А ещё Гай с его суперпрозорливостью годами держал рядом с собой шпиона Тилля, и если бы Круня его не сдалал - держал бы и дальше.
Ни на Гая, ни на Белдо она больше не обращала внимания. Точно позабыв, что они в комнате, чертила в блокноте коротким карандашом, который держала не так, как обычно держат карандаши, а как-то неудобно, щепотью. Белдо осторожно заглянул в ее блокнот. Там были нарисованы лес и поворот дороги. И рядом с ними небольшой, жирно прочерченный горб. Камень? Пригорок? Слева угадывалось озеро.
– Что это? – спросил Белдо.
– Не знаю… не знаю…
Круня скомкала лист, отбросила, а потом, ощупью нашарив на кровати, прижала к груди.

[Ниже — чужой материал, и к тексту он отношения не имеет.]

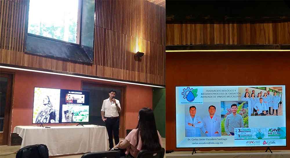 El Profesor Investigador, Dr. Raúl Gómez Vázquez, de la Facultad de Turismo y Gastronomía de la Universidad La Salle Bajío, en colaboración con el Dr. Carlos Javier Escudero Santiago, Profesor-Investigador del Departamento de Biotecnológicas y Ambientales de la Universidad Autónoma de Guadalajara (UAG), presentaron dos investigaciones innovadoras en el Tercer Congreso Nacional y Primer Congreso Internacional de Agave Mezcal. Este evento se llevó a cabo en la ciudad de Oaxaca de Juárez y reunió a expertos de todo el país en torno a la producción de mezcal y la gestión de subproductos, como las vinazas.

– Я хочу гладить его… хочу греть о него пальцы… он мой, он подпустит меня… подпустит всякого, кто подойдет первым и узнает его… он добрый… он не ведает зла… Я хотела бы даже умереть, если бы меня похоронили под ним… Я опять буду красивой… не буду уродливым обрубком… И эльбы отстанут от меня… ничего не смогут мне сделать! Я все верну! – невнятно забормотала она. Из-под повязки, из-под драгоценных камней, лежащих на ее глазах, струились слезы.
Внезапно голова Круни дернулась, точно ее ударило в лицо нечто невидимое. Карлица упала на кровать и затихла. Из носа ее побежала кровь. Совиная личность взволнованно принялась вытирать кровь платком, с подобострастием оглядываясь на Гая и Белдо.
– Такое сейчас часто бывает. Надо подождать: скоро придет в себя! – прошептала она.
Гай подхватил с пола выскользнувший из пальцев Круни лист.
– Неважный рисунок… Трудно будет найти это место! – пробормотал он с досадой. – Лес? В России куча лесов! Дорога! Тысячи дорог!
Что-то вспоминается финал книги Хмелевской, Колодцы предков)
А теперь подзабытая инфа про Круню из первой книги.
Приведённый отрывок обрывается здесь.